This week's entry has been subdivided into seven parts, as it courses through nearly the past year of my life and leads up to this point. The events from this past year are having a direct effect on my pregnancy, and much history needs to be given so that my emotions and future entries can be better understood. Once I started writing this entry two days ago, I found that I had far more inside of me that needed to come out than I thought I did, and it turned out to be quite lengthy, hence the need for the "chapter" feel of this week 5 entry.
Kymberli

I am overjoyed that I am pregnant and that our last baby is on his or her way, but at the same time I am going through a difficult trial.

It is hard for me to be ecstatically happy about the pregnancy the way I want to be when I know that somewhere, there is a very dear friend struggling with the fact that I am, indeed, expecting a baby. I am carrying an immense weight of guilt, and at this point it's almost overwhelming to deal with. I feel like I'm treading on a delicate precipice between a friendship being ultimately strengthened through this difficult time and losing that friendship altogether.
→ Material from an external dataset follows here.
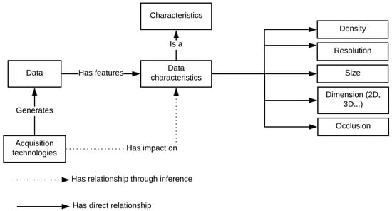As shown in Figure 2, data is a representation of a scene, obtained through acquisition. This acquisition process, more precisely the instruments and the methods used for the acquisition, influences the data characteristics. In addition, elements influencing the acquisition process itself, such as external factors and the acquired scene, transitively impact the data characteristics. The data characteristics such as density, noise, resolution, dimension, size and occlusion comprise the specificity of each data. Figure 3 shows the generic semantic description and the relation between any data and its acquisition process.

Sarah and I are more than just friends, and I have to maintain my hold on that to believe that we can overcome this; just six months ago, I almost got pregnant with her baby. It sounds bizarre, doesn't it?



The fact of the matter is that I was her gestational surrogate, and for six months I dedicated my life to trying to help her and her husband, Paul, bring a baby of their own into this world.

The bond that we share is ineffable; I'm not sure that I can't even come near fully describing the depths of the bond that we share.

Now here I am, happily pregnant with my own baby, but still wishing that I was pregnant with hers, and though I know that somewhere inside she's happy for me, I know that she also is wishing that I was pregnant with her baby, and the thought is tearing both of us up inside.